Re: panic: bad dir: mangled entry, fsck: missing dot/dotdot
What do you get those errors from? find(1)? Yes. What I've found out so far (from using fsdb) is that those two directory entries (one directory and one regular file) point to unallocated inodes. Okay, that's weird. fsck should have caught that - indeed, that's what you'll see if you clri inodes. The plausibility of the different blocks using the same disk sectors scenario just went up in my mind - if an inode block overlaps with a data block, this is one of the possible results.

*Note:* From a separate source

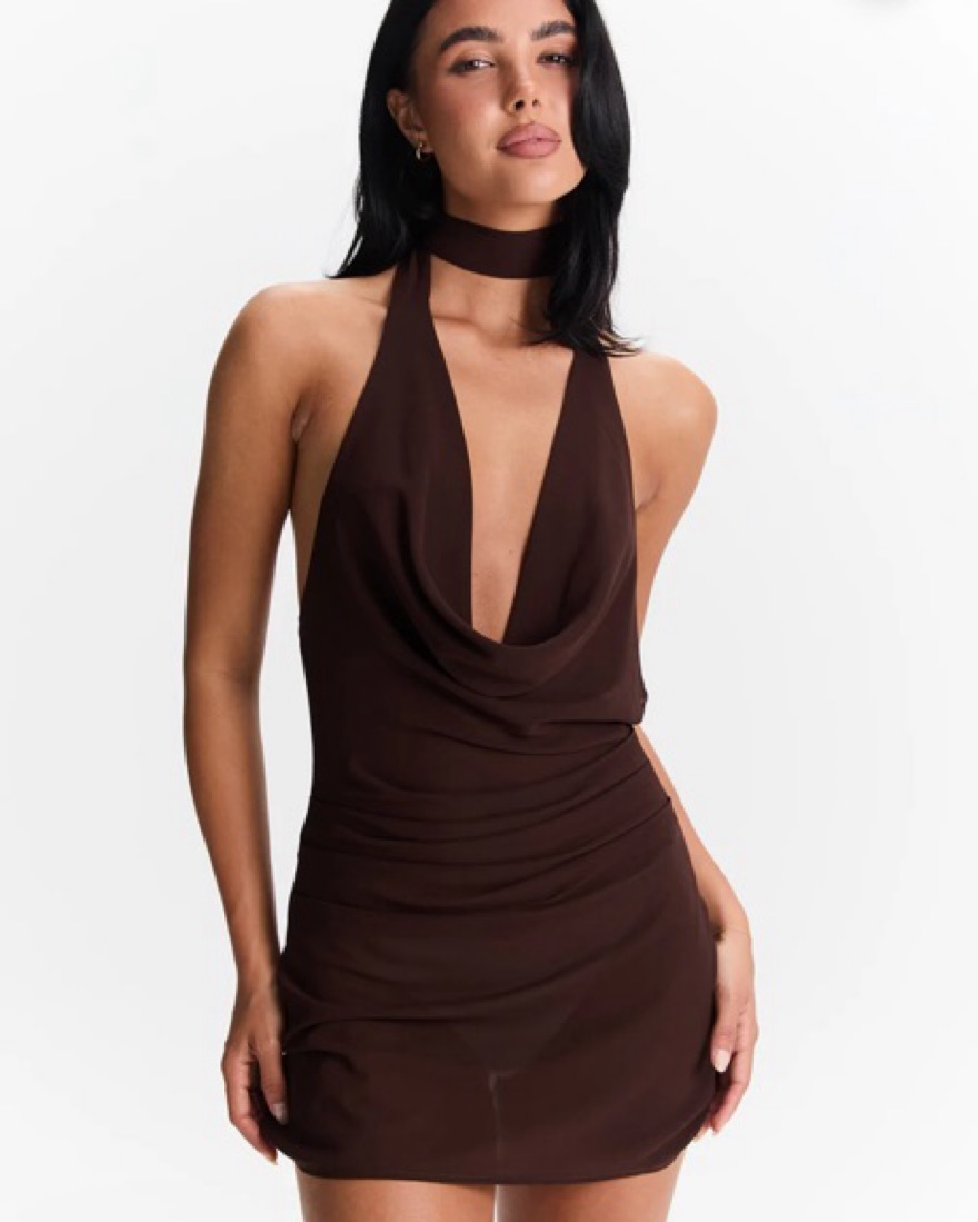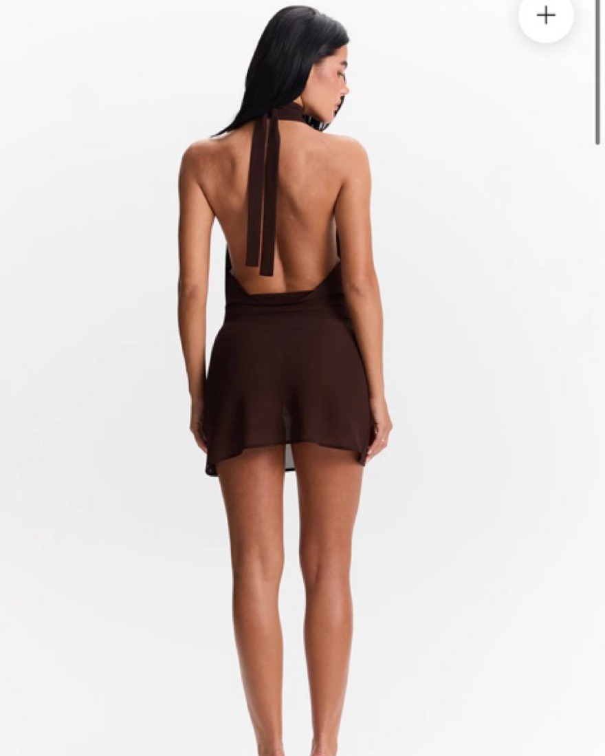 Adorable trendy brown mini dress with option for neck wrap with the straps (last photo shows without). Semi-sheer material (worn with thick tights and was covered). Fits xs/s ☺️

The inode-free bitmap may also be involved; an inode that's marked free but contains sane data, or conversely, might cause such things. I don't know whether fsdb is using the inode-free bitmap or the contents of the inode itself when telling you the inode is unallocated; it might be worth investigating. There are other things that can do this, too; it might be a good idea to check, if you haven't already, that you don't have two partitions overlapping. /~\ The ASCII Mouse \ / Ribbon Campaign X Against HTMLmo...@rodents-montreal.org / \ Email! 7D C8 61 52 5D E7 2D 39 4E F1 31 3E E8 B3 27 4B
Re: panic: bad dir: mangled entry, fsck: missing dot/dotdot
Has the place you're getting the odd EBADF errors been created after you deleted the former mystery? Probably yes (fsdb didn't give me the birth time, but ctime and mtime are identical and later than the last fsck/deletion of the missing-dot/dotdot dirctory. I'm wondering if perhaps it got the same inode or the same disk block or some such. No. The directory that twice caused a panic because of missing dot/dotdot was inode 463357837, the one with the two entries pointing to unallocated inodes is inode 158304666, the two unallocated inodes being 158304792 and 158304678.

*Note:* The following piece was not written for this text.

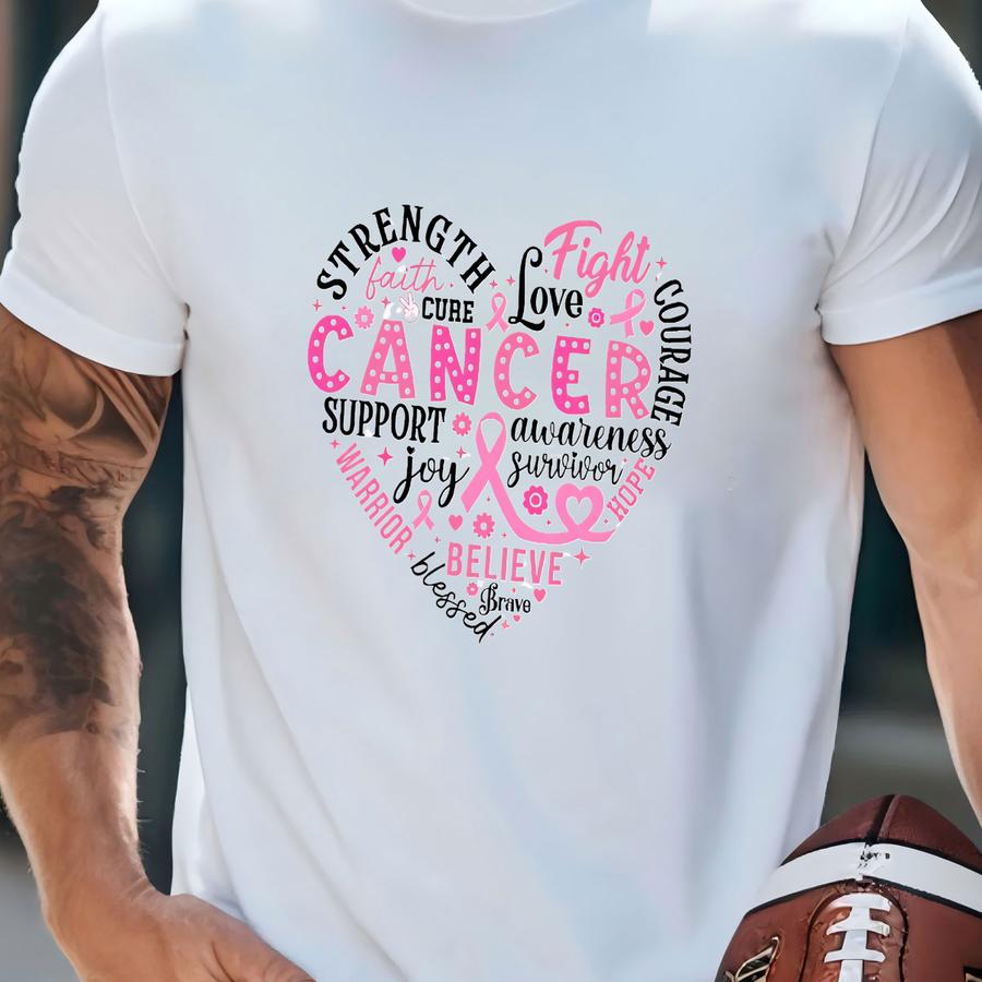 Breast Cancer Heart Shirt, Cancer Awareness Sweatshirt, Pink Ribbon Heart Tee, Motivational Tees, Cancer Gifts For Women, Breast Cancer Gift T-shirt

Re: panic: bad dir: mangled entry, fsck: missing dot/dotdot
I'm wondering if perhaps it got the same inode or the same disk block or some such. No. The directory that twice caused a panic because of missing dot/dotdot was inode 463357837, the one with the two entries pointing to unallocated inodes is inode 158304666, the two unallocated inodes being 158304792 and 158304678. I don't know whether fsdb can give it to you easily, but I'd be curious what disk sectors those four inodes fall into. In particular, if the first one is close to the last two, that reinforces the blocks overlapping theory. In hex, those inumbers are (in order of apeparance above) 1b9e478d, 96f899a, 96f8a18, and 96f89a6. The two unallocated inodes could fall into the same disk block, if your blocks are big enough. FFSv2 inodes are 256 bytes; FFSv1 blocks max out at 64K, but in a quick glance I haven't found the maximum FFSv2 size. If your filesystem uses 256K or larger blocks, those two inodes fall into the same block; otherwise, not. If they do, it might be interesting to look at the rest of that block, in case its contents look recognizable. /~\ The ASCII Mouse \ / Ribbon Campaign X Against HTMLmo...@rodents-montreal.org / \ Email! 7D C8 61 52 5D E7 2D 39 4E F1 31 3E E8 B3 27 4B
Re: panic: bad dir: mangled entry, fsck: missing dot/dotdot
If your filesystem uses 256K or larger blocks, those two inodes fall into the same block; No, it uses 16k blocks.